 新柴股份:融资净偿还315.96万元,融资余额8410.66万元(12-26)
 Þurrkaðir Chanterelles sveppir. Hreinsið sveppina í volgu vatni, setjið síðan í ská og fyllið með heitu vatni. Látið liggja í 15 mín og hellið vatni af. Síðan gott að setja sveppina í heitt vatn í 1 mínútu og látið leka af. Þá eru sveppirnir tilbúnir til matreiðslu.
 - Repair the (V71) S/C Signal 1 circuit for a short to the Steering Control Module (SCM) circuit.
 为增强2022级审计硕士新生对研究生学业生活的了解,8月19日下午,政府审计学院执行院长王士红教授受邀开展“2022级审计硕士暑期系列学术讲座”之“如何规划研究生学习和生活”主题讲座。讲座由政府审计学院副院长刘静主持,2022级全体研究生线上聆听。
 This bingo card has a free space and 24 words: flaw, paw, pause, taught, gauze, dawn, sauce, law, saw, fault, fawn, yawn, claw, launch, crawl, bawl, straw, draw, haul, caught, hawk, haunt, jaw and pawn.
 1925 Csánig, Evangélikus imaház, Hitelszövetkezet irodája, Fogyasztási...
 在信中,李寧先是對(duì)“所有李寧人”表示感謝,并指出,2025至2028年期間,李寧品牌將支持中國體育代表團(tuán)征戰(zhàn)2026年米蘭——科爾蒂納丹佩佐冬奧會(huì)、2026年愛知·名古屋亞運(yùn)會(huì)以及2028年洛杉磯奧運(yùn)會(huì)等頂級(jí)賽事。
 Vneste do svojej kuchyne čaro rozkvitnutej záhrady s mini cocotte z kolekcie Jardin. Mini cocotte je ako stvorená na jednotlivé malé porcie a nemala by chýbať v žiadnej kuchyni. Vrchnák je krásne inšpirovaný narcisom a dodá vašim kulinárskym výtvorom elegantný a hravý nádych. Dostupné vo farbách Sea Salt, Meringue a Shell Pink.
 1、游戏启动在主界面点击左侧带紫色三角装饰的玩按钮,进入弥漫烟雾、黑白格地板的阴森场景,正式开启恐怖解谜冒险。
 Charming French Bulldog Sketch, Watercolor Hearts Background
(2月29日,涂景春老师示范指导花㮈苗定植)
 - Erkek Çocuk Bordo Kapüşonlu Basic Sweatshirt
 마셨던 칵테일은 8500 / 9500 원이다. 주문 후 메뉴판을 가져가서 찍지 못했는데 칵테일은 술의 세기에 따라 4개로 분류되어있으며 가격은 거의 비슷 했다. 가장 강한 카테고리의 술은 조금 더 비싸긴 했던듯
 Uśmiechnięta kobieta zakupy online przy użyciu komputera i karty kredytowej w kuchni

Brief: A reply that repeats all the data exactly is required.

Solution to this problem:
 新柴股份:融资净偿还315.96万元,融资余额8410.66万元(12-26)
 Þurrkaðir Chanterelles sveppir. Hreinsið sveppina í volgu vatni, setjið síðan í ská og fyllið með heitu vatni. Látið liggja í 15 mín og hellið vatni af. Síðan gott að setja sveppina í heitt vatn í 1 mínútu og látið leka af. Þá eru sveppirnir tilbúnir til matreiðslu.
 - Repair the (V71) S/C Signal 1 circuit for a short to the Steering Control Module (SCM) circuit.
 为增强2022级审计硕士新生对研究生学业生活的了解,8月19日下午,政府审计学院执行院长王士红教授受邀开展“2022级审计硕士暑期系列学术讲座”之“如何规划研究生学习和生活”主题讲座。讲座由政府审计学院副院长刘静主持,2022级全体研究生线上聆听。
 This bingo card has a free space and 24 words: flaw, paw, pause, taught, gauze, dawn, sauce, law, saw, fault, fawn, yawn, claw, launch, crawl, bawl, straw, draw, haul, caught, hawk, haunt, jaw and pawn.
 1925 Csánig, Evangélikus imaház, Hitelszövetkezet irodája, Fogyasztási...
 在信中,李寧先是對(duì)“所有李寧人”表示感謝,并指出,2025至2028年期間,李寧品牌將支持中國體育代表團(tuán)征戰(zhàn)2026年米蘭——科爾蒂納丹佩佐冬奧會(huì)、2026年愛知·名古屋亞運(yùn)會(huì)以及2028年洛杉磯奧運(yùn)會(huì)等頂級(jí)賽事。
 Vneste do svojej kuchyne čaro rozkvitnutej záhrady s mini cocotte z kolekcie Jardin. Mini cocotte je ako stvorená na jednotlivé malé porcie a nemala by chýbať v žiadnej kuchyni. Vrchnák je krásne inšpirovaný narcisom a dodá vašim kulinárskym výtvorom elegantný a hravý nádych. Dostupné vo farbách Sea Salt, Meringue a Shell Pink.
 1、游戏启动在主界面点击左侧带紫色三角装饰的玩按钮,进入弥漫烟雾、黑白格地板的阴森场景,正式开启恐怖解谜冒险。
 Charming French Bulldog Sketch, Watercolor Hearts Background
(2月29日,涂景春老师示范指导花㮈苗定植)
 - Erkek Çocuk Bordo Kapüşonlu Basic Sweatshirt
 마셨던 칵테일은 8500 / 9500 원이다. 주문 후 메뉴판을 가져가서 찍지 못했는데 칵테일은 술의 세기에 따라 4개로 분류되어있으며 가격은 거의 비슷 했다. 가장 강한 카테고리의 술은 조금 더 비싸긴 했던듯
 Uśmiechnięta kobieta zakupy online przy użyciu komputera i karty kredytowej w kuchni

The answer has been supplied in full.